Charny hizo un movimiento.

—¿Qué es eso, Conde? —prosiguió el Rey—. Esto no es el partido de Austria, sino el de los príncipes, el de los emigrados, el de la nobleza.

—Señor, dispensadme; ya os he dicho que no dudo de la lealtad ni del valor del marqués de Favras; conducirá a Vuestra Majestad al punto que haya prometido, o se dejará matar defendiéndoos en medio del camino; pero ¿por qué no marcha con vuestro hermano?

—Ya os he dicho que por abnegación, o tal vez para el caso en que se deponga el Rey o se crea necesario nombrar un regente; para que el pueblo, cansado ya de haber corrido en vano en pos del Rey, no haya de ir muy lejos a buscar quien lo gobierne.

—Señor —exclamó Charny—, Vuestra Majestad me dice cosas terribles.

—Os digo lo que todo el mundo sabe, querido Conde, y es que vuestro hermano me ha escrito ayer, es decir, que en el último consejo de príncipes en Turín, se habló de destronarme y de nombrar un regente; en ese mismo consejo, el señor de Condé, mi primo, propuso marchar sobre Lyon, sin cuidarse de lo que pudiera sucederme… y bien veis que a menos de un apuro extremo, no puedo aceptar a Favras ni a Breteuil, ni menos al Austria o a los príncipes.

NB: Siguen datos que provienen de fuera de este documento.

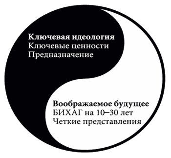 Истинное видение состоит из двух основных компонентов — ключевой идеологии и воображаемого будущего. Обратите внимание на прямую параллель с основополагающей динамикой «сохранения сути / стимулирования прогресса». Хорошее видение строится на взаимодействии этих дополняющих друг друга сил инь-ян: оно определяет, «ради чего мы существуем и что значим», что не меняется (ключевая идеология), и устанавливает, «кем мы хотим стать, чего добиться, что создать», что требует серьезных изменений и существенного прогресса (воображаемое будущее).

He aquí, querido Conde, lo que no he dicho a ninguno más que a vos, y lo que os digo para que nadie, ni aun la Reina —bien fuese por casualidad o con intención, Luis XVI recalcó las palabras que subrayamos—, os merezca tanta confianza como el que os hace esta confidencia.

—¿Ha de ser, señor, para todo el mundo un secreto mi viaje?

—Poco importa, querido Conde, que sepan vuestra marcha si se ignora cuál es el objeto.

—¿Y este último no ha de saberlo más que el señor de Bouillé?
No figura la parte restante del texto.